WHAT TO PRODUCE
Where "Maple" appears in a line of the entries below, that line should be copied.

** Opening DATA RECORDS block **

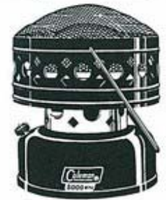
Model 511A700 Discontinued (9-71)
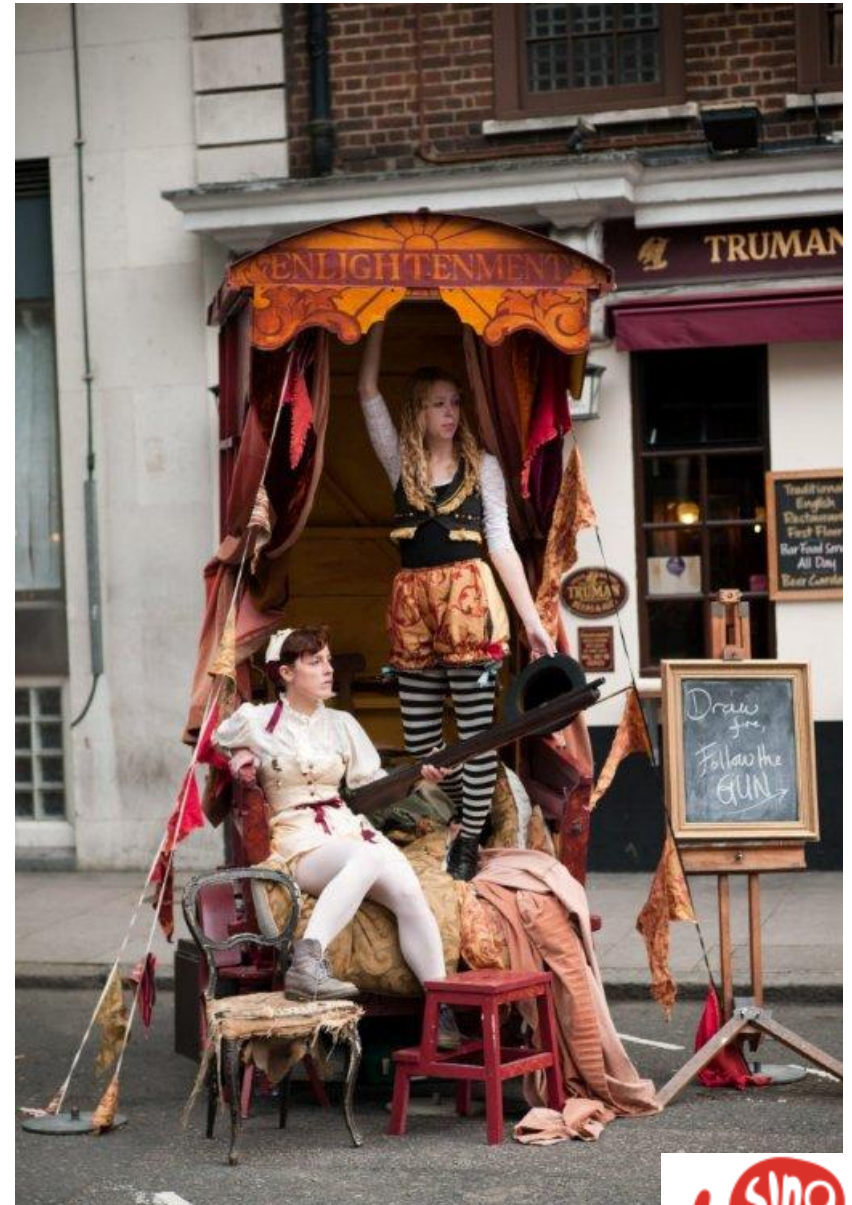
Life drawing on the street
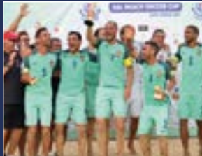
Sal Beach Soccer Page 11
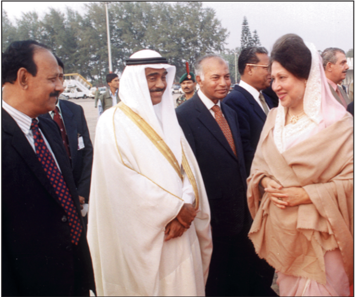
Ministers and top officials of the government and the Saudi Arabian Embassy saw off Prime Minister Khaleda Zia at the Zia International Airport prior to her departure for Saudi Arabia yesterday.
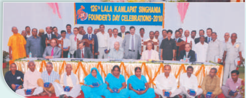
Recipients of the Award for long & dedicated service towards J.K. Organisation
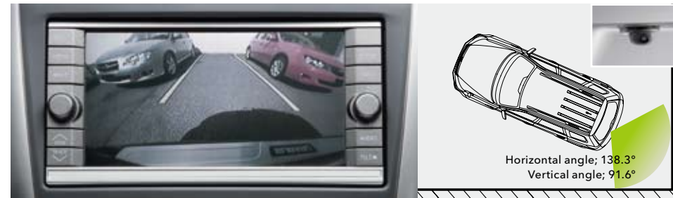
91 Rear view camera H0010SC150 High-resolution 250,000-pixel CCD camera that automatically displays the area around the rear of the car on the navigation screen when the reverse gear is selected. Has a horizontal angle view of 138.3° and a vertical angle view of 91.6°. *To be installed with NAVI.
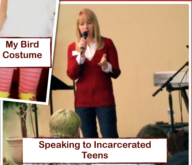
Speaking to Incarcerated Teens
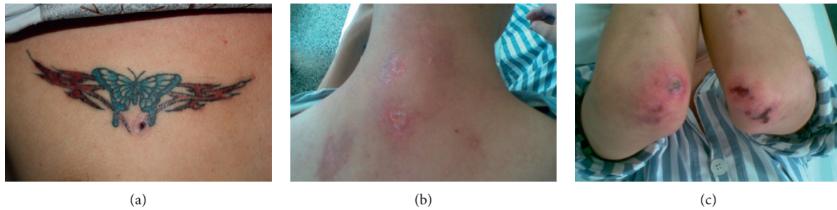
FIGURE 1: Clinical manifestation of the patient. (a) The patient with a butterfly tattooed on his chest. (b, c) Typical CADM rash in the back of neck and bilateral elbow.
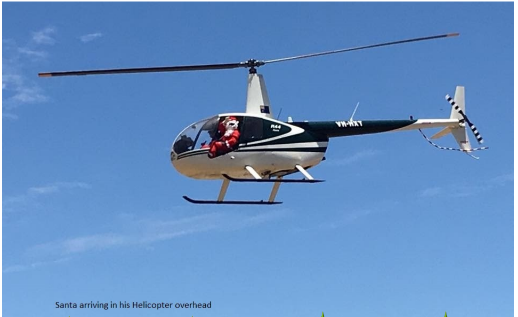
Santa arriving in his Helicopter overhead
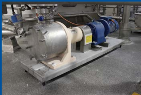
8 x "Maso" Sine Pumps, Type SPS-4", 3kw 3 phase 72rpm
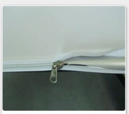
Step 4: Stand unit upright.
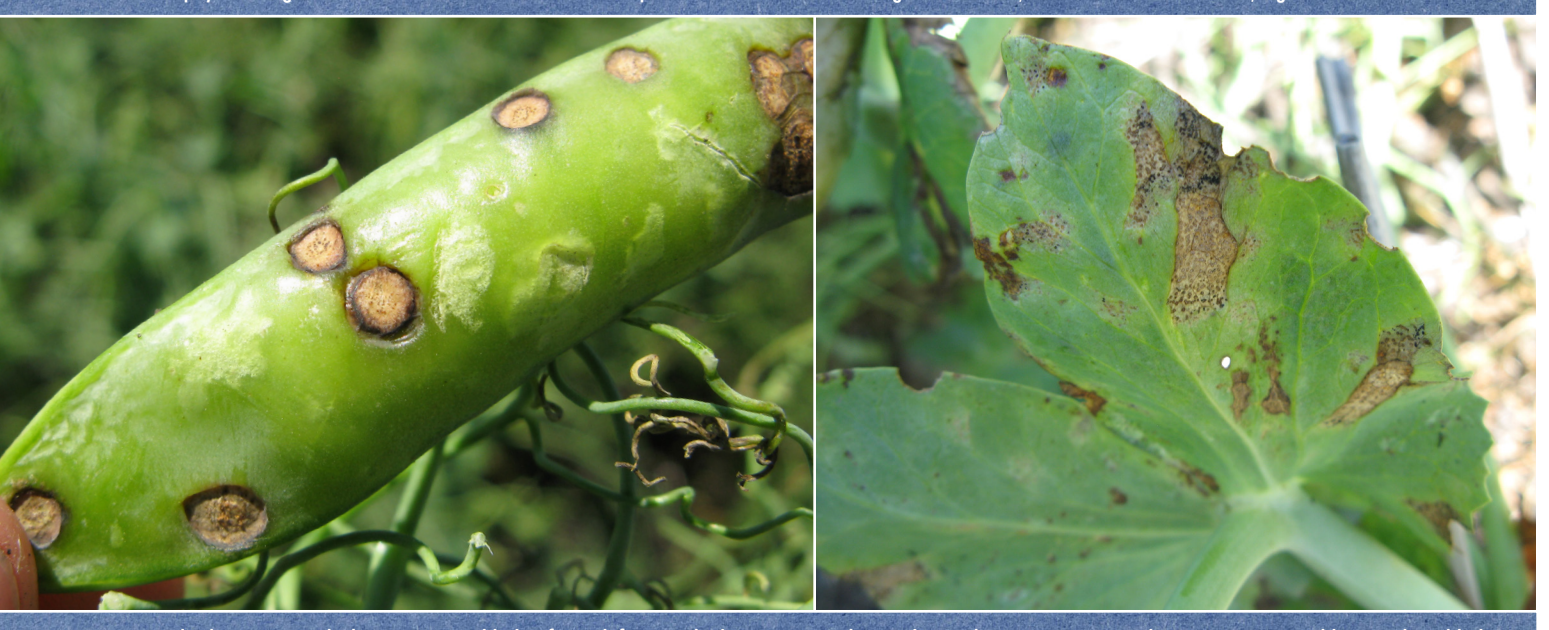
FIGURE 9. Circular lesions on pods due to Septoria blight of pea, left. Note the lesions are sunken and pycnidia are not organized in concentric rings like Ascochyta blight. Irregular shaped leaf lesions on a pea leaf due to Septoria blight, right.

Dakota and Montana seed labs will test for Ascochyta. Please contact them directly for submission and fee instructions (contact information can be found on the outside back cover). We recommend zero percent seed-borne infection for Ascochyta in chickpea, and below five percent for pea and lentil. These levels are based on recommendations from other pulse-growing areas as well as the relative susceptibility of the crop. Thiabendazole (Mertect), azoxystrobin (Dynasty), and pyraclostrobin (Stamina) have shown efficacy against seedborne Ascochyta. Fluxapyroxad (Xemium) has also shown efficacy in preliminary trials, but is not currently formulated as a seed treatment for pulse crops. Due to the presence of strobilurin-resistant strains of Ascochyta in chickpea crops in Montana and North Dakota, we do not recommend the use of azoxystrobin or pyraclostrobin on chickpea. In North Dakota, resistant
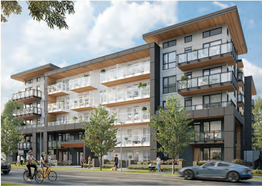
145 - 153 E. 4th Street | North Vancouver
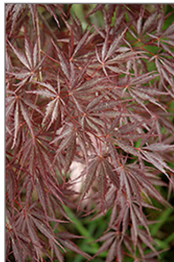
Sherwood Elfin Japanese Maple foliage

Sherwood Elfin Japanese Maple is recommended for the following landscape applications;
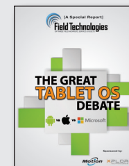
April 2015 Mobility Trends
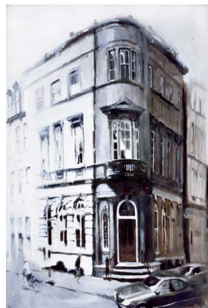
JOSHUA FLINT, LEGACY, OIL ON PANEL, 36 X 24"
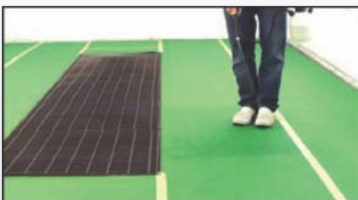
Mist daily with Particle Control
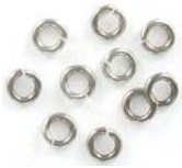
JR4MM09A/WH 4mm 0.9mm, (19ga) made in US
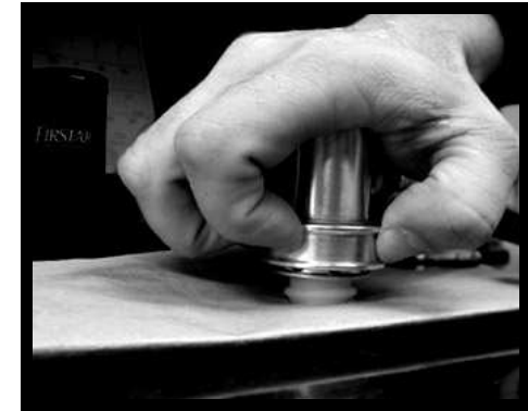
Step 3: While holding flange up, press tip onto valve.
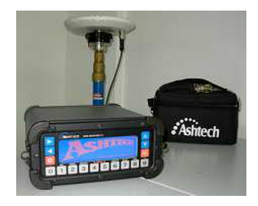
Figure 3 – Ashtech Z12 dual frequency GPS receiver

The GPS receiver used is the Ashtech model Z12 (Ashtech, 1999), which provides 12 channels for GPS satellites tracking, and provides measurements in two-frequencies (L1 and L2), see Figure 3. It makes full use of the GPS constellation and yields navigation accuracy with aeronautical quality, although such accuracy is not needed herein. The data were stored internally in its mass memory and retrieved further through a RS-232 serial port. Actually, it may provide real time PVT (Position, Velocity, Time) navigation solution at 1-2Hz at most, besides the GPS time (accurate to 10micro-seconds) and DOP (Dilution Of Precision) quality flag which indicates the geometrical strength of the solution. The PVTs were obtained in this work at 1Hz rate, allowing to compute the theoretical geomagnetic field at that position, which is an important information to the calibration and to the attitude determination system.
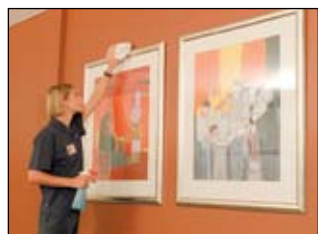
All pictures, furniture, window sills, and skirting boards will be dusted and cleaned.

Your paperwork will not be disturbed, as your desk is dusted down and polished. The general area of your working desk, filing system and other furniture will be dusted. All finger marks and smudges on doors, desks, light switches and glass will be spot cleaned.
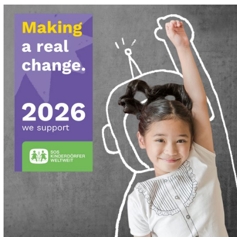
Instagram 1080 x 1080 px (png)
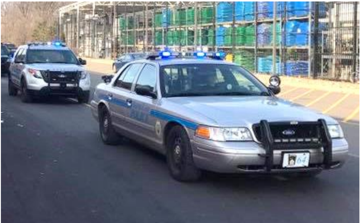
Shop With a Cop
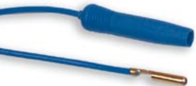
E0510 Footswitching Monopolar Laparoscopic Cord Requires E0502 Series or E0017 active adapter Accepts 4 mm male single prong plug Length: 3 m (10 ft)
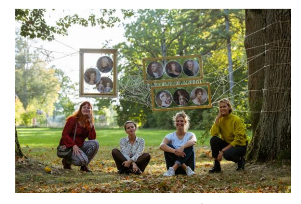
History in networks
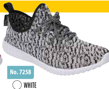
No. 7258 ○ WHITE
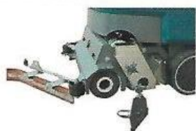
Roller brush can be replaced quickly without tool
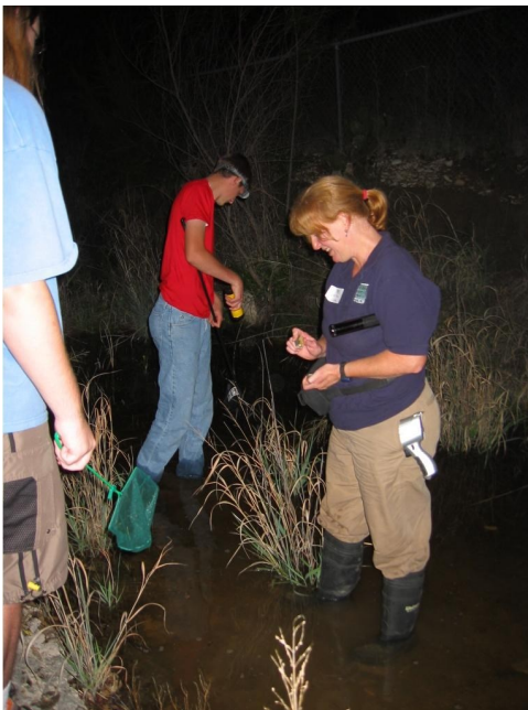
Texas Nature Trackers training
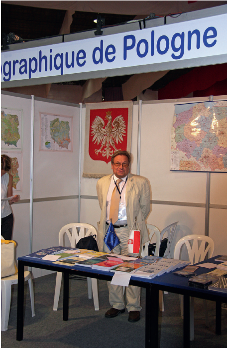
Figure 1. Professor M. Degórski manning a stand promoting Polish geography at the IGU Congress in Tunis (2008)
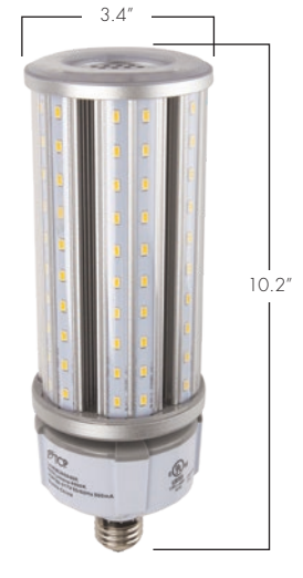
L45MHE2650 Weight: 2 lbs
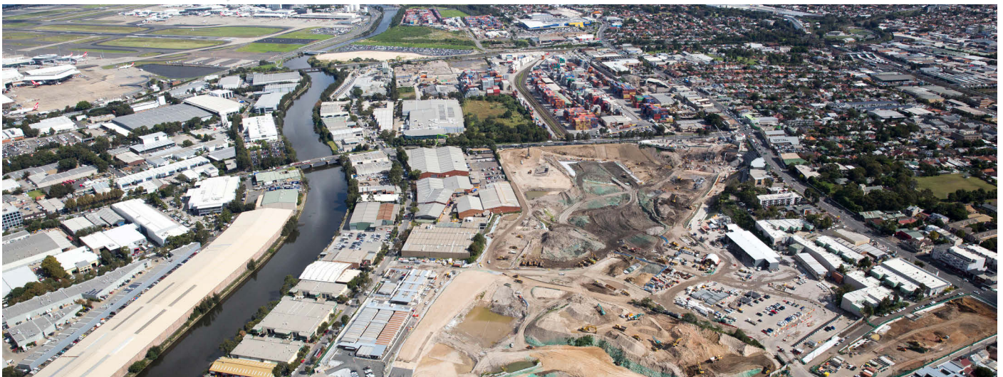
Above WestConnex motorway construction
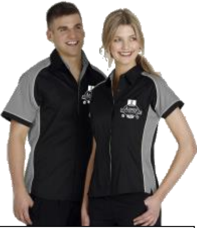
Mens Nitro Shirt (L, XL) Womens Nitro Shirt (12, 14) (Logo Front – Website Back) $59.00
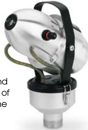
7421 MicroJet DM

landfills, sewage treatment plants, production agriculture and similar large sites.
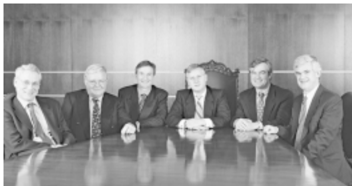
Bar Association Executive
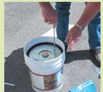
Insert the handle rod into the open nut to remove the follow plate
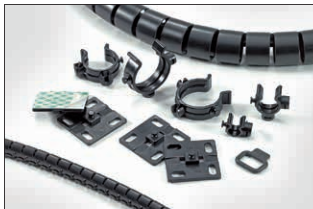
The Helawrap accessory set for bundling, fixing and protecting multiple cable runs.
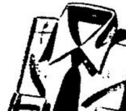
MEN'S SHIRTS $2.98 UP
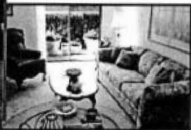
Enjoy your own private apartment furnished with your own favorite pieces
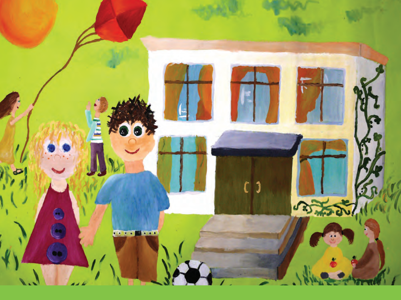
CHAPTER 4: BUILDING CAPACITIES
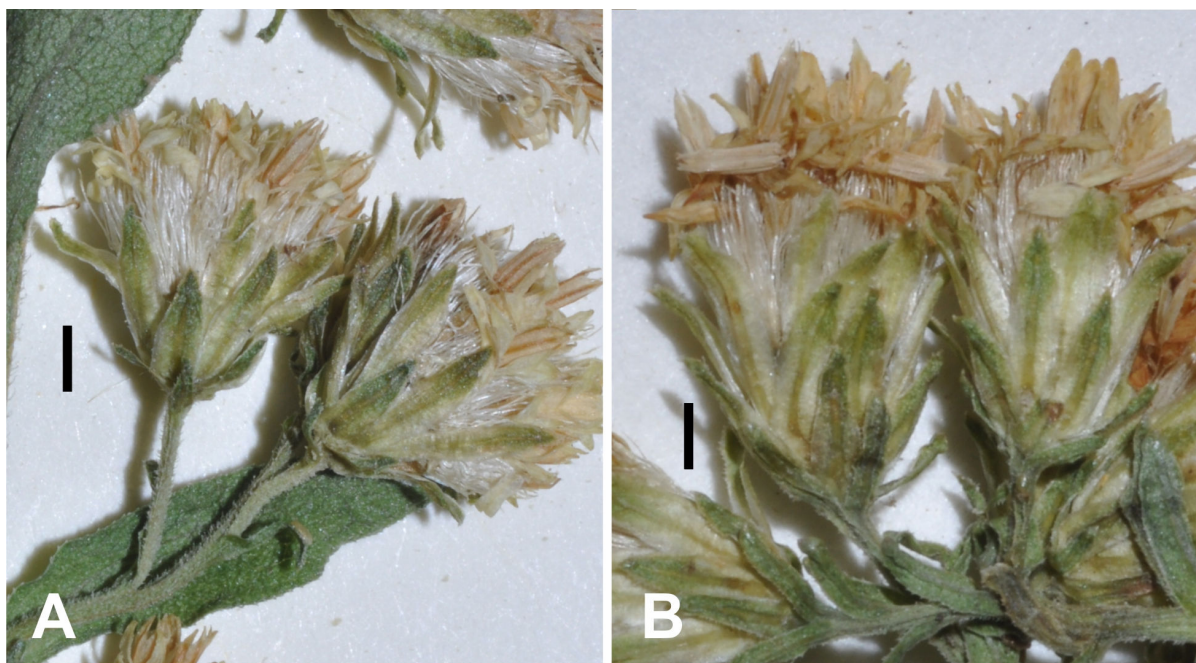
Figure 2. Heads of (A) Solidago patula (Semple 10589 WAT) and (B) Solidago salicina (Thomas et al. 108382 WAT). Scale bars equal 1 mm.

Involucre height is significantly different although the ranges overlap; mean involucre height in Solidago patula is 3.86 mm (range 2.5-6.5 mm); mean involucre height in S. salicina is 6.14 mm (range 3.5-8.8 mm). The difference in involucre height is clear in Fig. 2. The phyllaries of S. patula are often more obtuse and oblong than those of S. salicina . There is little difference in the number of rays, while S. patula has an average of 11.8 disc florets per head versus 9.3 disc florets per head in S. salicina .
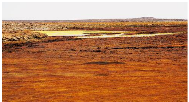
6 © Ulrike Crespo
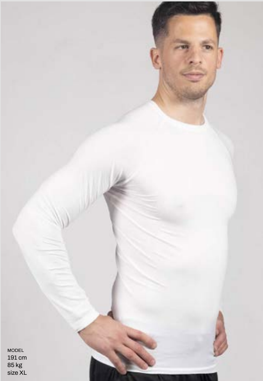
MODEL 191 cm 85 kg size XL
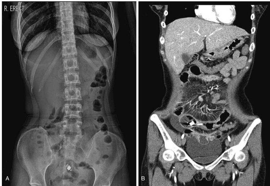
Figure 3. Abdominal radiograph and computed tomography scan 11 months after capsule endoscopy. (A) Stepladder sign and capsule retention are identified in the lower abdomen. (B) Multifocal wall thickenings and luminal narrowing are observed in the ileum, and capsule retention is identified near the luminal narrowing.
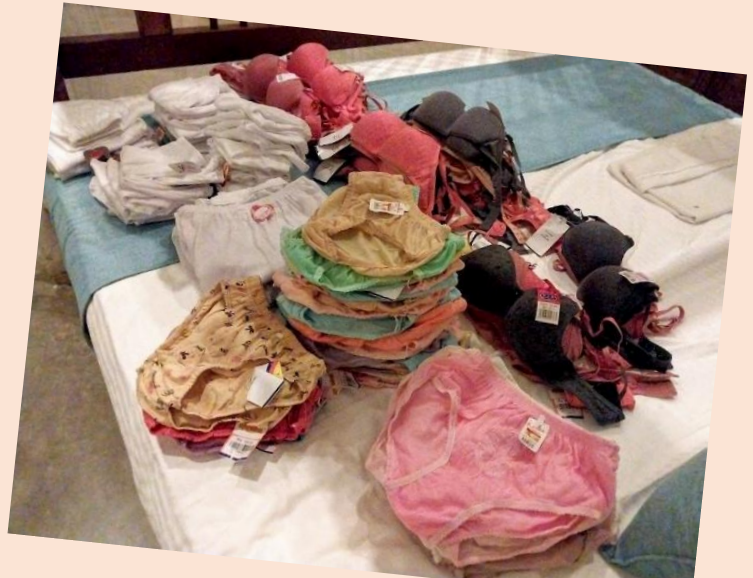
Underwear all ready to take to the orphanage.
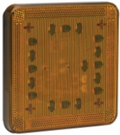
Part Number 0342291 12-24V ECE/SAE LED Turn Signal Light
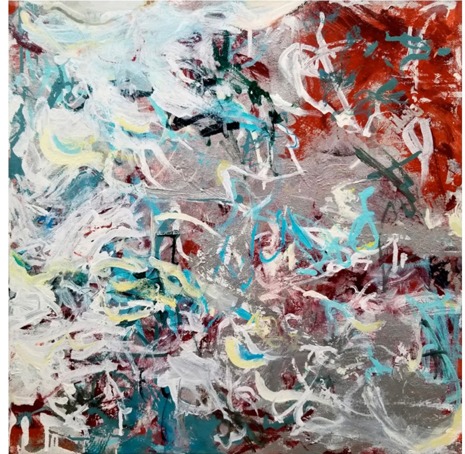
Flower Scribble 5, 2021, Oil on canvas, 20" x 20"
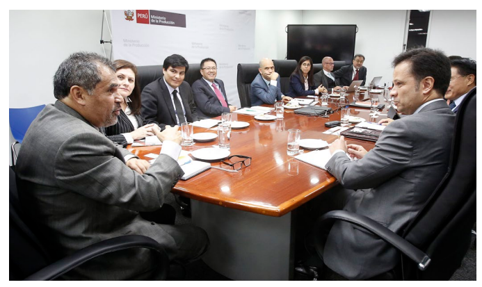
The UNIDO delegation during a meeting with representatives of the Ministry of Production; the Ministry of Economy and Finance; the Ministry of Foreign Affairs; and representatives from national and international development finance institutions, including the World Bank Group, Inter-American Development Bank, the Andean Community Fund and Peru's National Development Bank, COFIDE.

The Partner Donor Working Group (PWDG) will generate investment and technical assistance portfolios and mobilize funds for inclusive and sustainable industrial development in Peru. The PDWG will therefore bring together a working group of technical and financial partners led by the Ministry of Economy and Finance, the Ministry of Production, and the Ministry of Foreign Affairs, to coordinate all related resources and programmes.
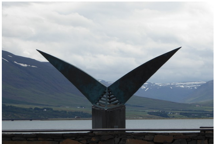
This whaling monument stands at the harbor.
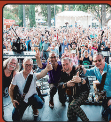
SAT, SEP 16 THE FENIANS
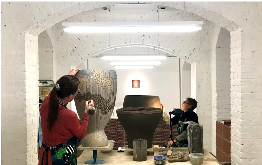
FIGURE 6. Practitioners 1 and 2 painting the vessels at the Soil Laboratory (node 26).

** Closing DATA RECORDS block **

FINISHED EXERCISE
Sherwood Elfin Japanese Maple foliage
Sherwood Elfin Japanese Maple is recommended for the following landscape applications;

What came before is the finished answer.